What's even more extraordinary than their actually trying this on is the fact that a cursory glance at this morning's news stand shows they were largely successful. Honorable exceptions were the Telegraph and the Guardian, clearly confused whether to go with Blair or BAE. I suppose I should have known better. Ten years after her death, the lady still shifts papers more effectively than the potential undermining of British democracy.

Anonymous said...

I'm sorry, but it wasn't just 'Knacker of the Yard' turning up at No. 10.: I have thought for sometime that Ian 'I'll sign anything put in front me' McCartney will take the fall within the Labour Party.

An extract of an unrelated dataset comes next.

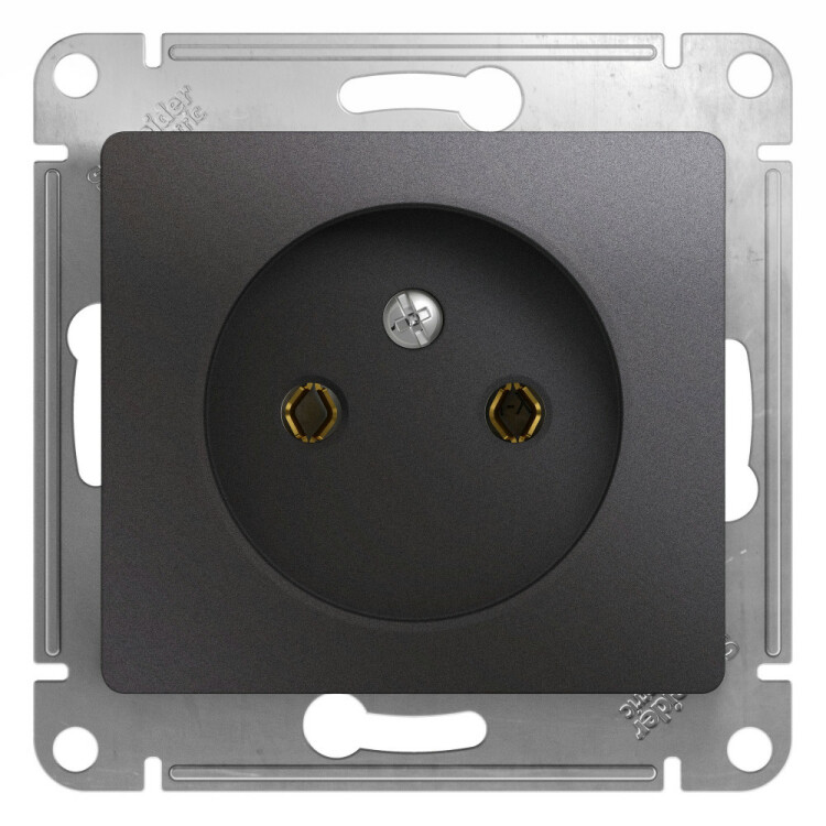 Механизм Systeme Electric (ранее Schneider Electric) серии Glossa (цвет графит) розетки одинарной без заземления и без шторок подходит для сетей 250 В, на ток 16 А. Выполнен из материала PС+ASA, стойкого к УФ-излучению и появлению царапин. Эргономичные клеммы розеток расположены в один ряд.

It was also used to bury the BAE/Saudi aircraft deal. I was actually watching the Parliament TV channel (yes I am that sad that I put it on when five minutes of adverts start on a commercial channel) when Alstair Darling was kicked into touch by Mike O'Brien making the 'covering' statement for Lord 'I'll agree to anything, just as long you put it in writing, Tony' Goldsmith was doing his turn in the Lords

James Higham said...

Not jsut spin, not just cynical opportunism but spitting in the face of the public. I always believed Blair was like this from the conference immediately prior to his accession but now it's stunning how it's not even cleverly done. They simply don't care any more.

Anonymous said...

If Trevor was so clever, why didn't he write it then?? Not exactly a doyen would you say Paul?

Anonymous said...

On reflection, I start to wonder if they haven't been extraordinarily subtle. There has been so much comment about media manipulation, which actually interests very few people, and not enough about the Blair questioning and BAe. Did they deliberatley create a burial story in order to bury bad news?

Anonymous said...

Anonymous

I think you make my point for me. If Trevor K had genuinely believed that Blair would actually do this, he'd have written the story. But like me, I suspect that he didn't really think the Government would sink quite that low.

The comment "we all guessed weeks ago that this would be the perfect day etc" makes it sound to me like the whole thing was a joke that went round the press bar one evening. Of course, many a true word is spoken in jest.